Mrs. Poage along with Westview executive Beth Robertson, Mayor Carol McClellan and County Commissioner Ann Richards redrew the master plan of Westview's 1,300-acre Davenport Ranch residential development in order to set aside over 100 acres of the developer's land to protect the sensitive Hill Country environment including habitat for the black-capped vireo and endangered golden-cheeked warbler.

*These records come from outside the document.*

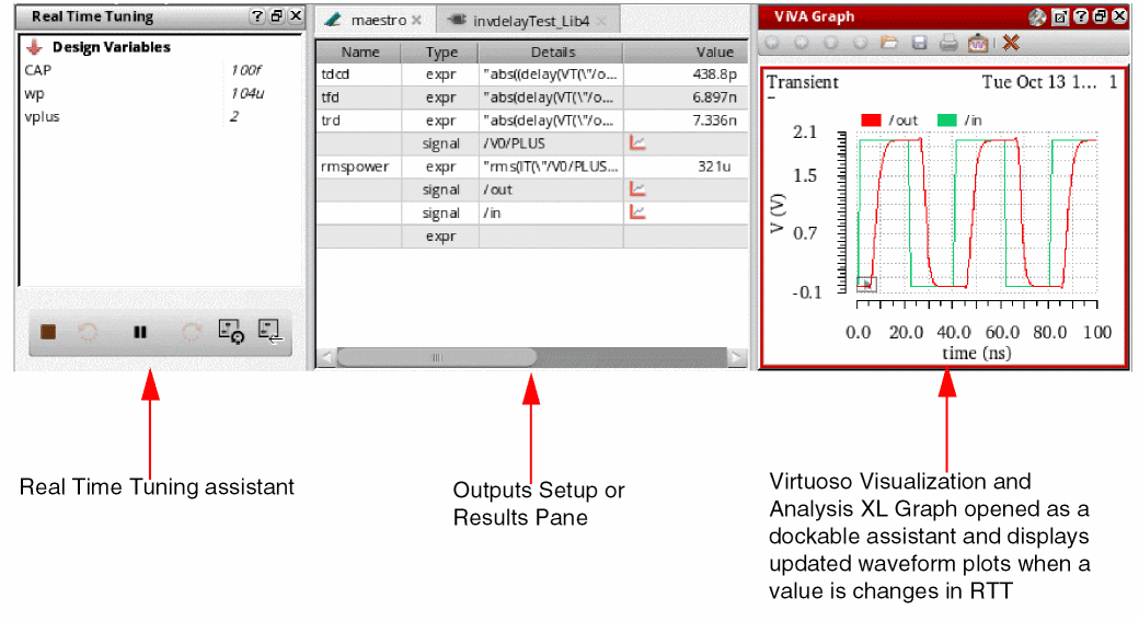 The Real-Time Tuning (RTT) assistant in ADE Explorer helps you edit the values of variables and parameters and the simulation results are dynamically updated to reflect the changes that have been made. In this mode, you can run the simulation once and fine-tune your results later by changing the variable values and simultaneously viewing the updated results. The output waveforms are displayed in the Virtuoso Visualization and Analysis XL graph window that can also open up as an assistant in ADE Explorer and displayed to the right of the ADE Explorer or design window. The output waveforms are updated as soon as you change the parameter values in the RTT assistant. You can also change the plotting mode to control the display of waveforms or compare waveforms generated after changing variable and parameter values. The available plotting modes are append, replace, new window, and new subwindow.
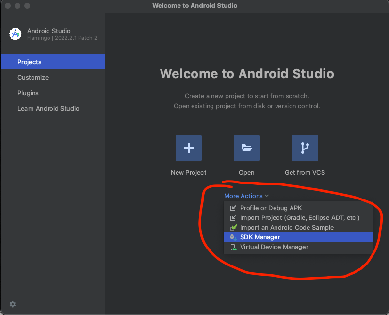 - 설치 후 실행 > More Action > SDK Manager 클릭
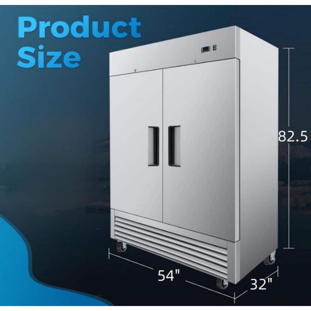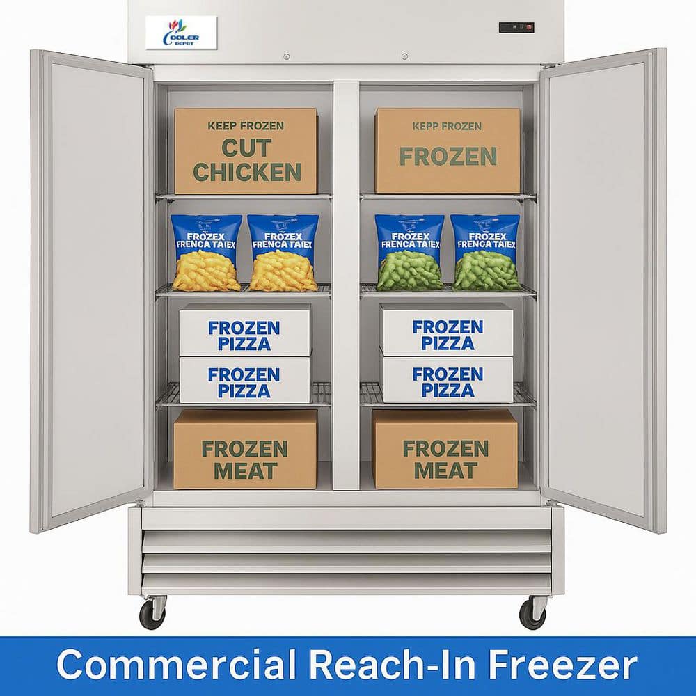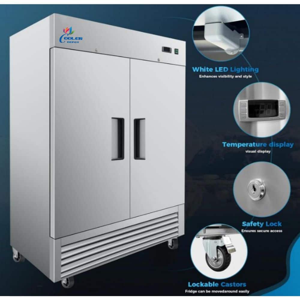 Cooler Depot 54 in. W 47 cu. ft. NSF Auto Defrost 2-Door Commercial Reach In Upright Freezer in Stainless Steel
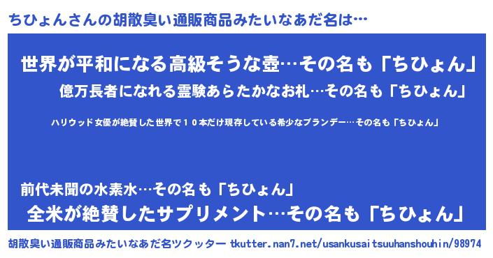 | 意味不明あだ名 | 『住所不定無職ちひょん(77歳)』 |

In the deal, Westview donated the land to Wild Basin and, in return, the City gave the developer the right to relocate 100 residential units originally planned on the preserve land to its adjacent property. This transaction was one of the first transfers of development rights in the Austin area and created one of the more important environmental laboratories on the Edwards Plateau.

==Nature==
===Animals===
Wild basin protects critical habitat for the endangered golden-cheeked warbler and several other rare and vulnerable species. Other animal species seen include white-tailed deer, greater roadrunner, eastern screech-owl, North American porcupine, bobcat, coyote, gray fox, Gulf Coast toad, and Blanchard's cricket frog.

==Plants==
Ashe juniper, yaupon holly Buckley's oak and Texas live oak are the predominant trees in the park.